§ **Task statement**
Retype the data that follows line by line, exactly, and leave its pictures out.

§ **Exercise data**
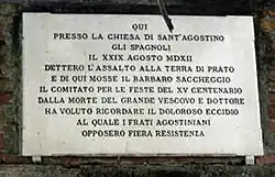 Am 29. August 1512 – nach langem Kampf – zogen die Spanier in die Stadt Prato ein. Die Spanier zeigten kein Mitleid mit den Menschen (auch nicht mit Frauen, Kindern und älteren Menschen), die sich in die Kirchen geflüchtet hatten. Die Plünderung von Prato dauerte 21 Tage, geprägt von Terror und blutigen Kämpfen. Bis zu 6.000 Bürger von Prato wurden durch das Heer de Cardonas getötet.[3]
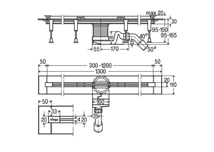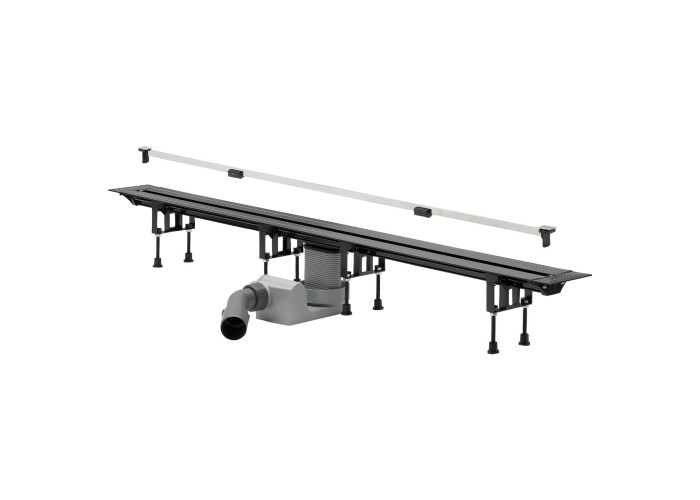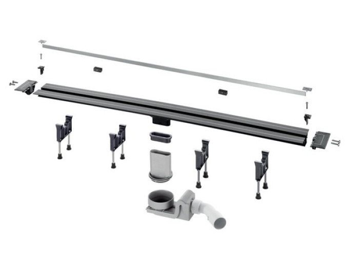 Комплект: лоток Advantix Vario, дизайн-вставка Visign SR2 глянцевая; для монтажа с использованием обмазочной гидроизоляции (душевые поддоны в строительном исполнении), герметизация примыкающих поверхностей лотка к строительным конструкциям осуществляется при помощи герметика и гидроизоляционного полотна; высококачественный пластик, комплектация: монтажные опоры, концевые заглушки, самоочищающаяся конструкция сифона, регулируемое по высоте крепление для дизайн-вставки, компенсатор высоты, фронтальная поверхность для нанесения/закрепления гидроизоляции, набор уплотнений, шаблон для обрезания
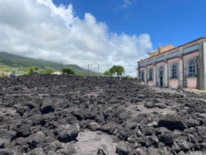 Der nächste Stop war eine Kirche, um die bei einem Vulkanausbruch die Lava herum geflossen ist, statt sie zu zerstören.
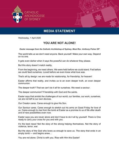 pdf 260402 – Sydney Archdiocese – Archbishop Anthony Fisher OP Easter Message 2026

§ **Completed task**
 Am 29. August 1512 – nach langem Kampf – zogen die Spanier in die Stadt Prato ein. Die Spanier zeigten kein Mitleid mit den Menschen (auch nicht mit Frauen, Kindern und älteren Menschen), die sich in die Kirchen geflüchtet hatten. Die Plünderung von Prato dauerte 21 Tage, geprägt von Terror und blutigen Kämpfen. Bis zu 6.000 Bürger von Prato wurden durch das Heer de Cardonas getötet.[3]
 Комплект: лоток Advantix Vario, дизайн-вставка Visign SR2 глянцевая; для монтажа с использованием обмазочной гидроизоляции (душевые поддоны в строительном исполнении), герметизация примыкающих поверхностей лотка к строительным конструкциям осуществляется при помощи герметика и гидроизоляционного полотна; высококачественный пластик, комплектация: монтажные опоры, концевые заглушки, самоочищающаяся конструкция сифона, регулируемое по высоте крепление для дизайн-вставки, компенсатор высоты, фронтальная поверхность для нанесения/закрепления гидроизоляции, набор уплотнений, шаблон для обрезания
 Der nächste Stop war eine Kirche, um die bei einem Vulkanausbruch die Lava herum geflossen ist, statt sie zu zerstören.
 pdf 260402 – Sydney Archdiocese – Archbishop Anthony Fisher OP Easter Message 2026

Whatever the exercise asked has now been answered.